==== DATASET CONTENT ====

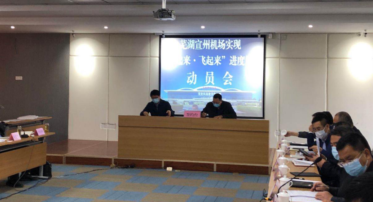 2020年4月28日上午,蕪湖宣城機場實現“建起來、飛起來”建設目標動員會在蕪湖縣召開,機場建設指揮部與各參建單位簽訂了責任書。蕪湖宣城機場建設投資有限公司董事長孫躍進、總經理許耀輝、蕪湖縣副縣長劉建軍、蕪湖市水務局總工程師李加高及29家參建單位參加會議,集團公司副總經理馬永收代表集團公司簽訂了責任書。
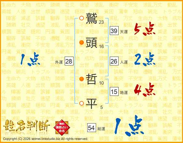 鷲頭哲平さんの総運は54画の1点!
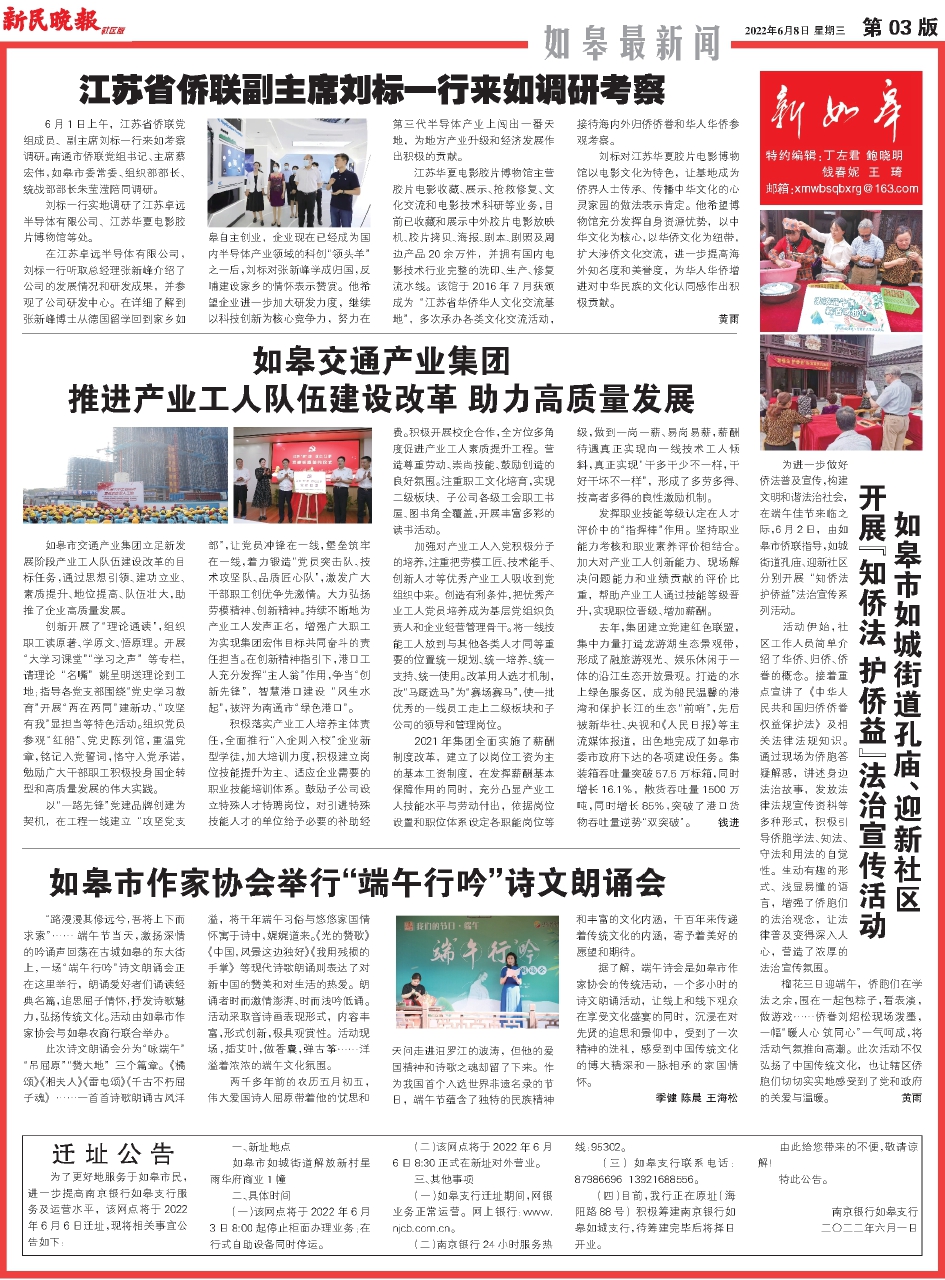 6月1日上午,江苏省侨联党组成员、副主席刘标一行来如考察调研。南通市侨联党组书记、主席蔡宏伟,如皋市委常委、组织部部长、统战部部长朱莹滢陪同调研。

====

■ **INSTRUCTIONS TO FOLLOW**
Repeat nothing but the lines from the one containing "鷲頭哲平さんの総運は54画の1点!" through the last line of the listing, both included, exactly as written, and omit any picture.

■ **SOLUTION TO THE PROBLEM**
 鷲頭哲平さんの総運は54画の1点!
 6月1日上午,江苏省侨联党组成员、副主席刘标一行来如考察调研。南通市侨联党组书记、主席蔡宏伟,如皋市委常委、组织部部长、统战部部长朱莹滢陪同调研。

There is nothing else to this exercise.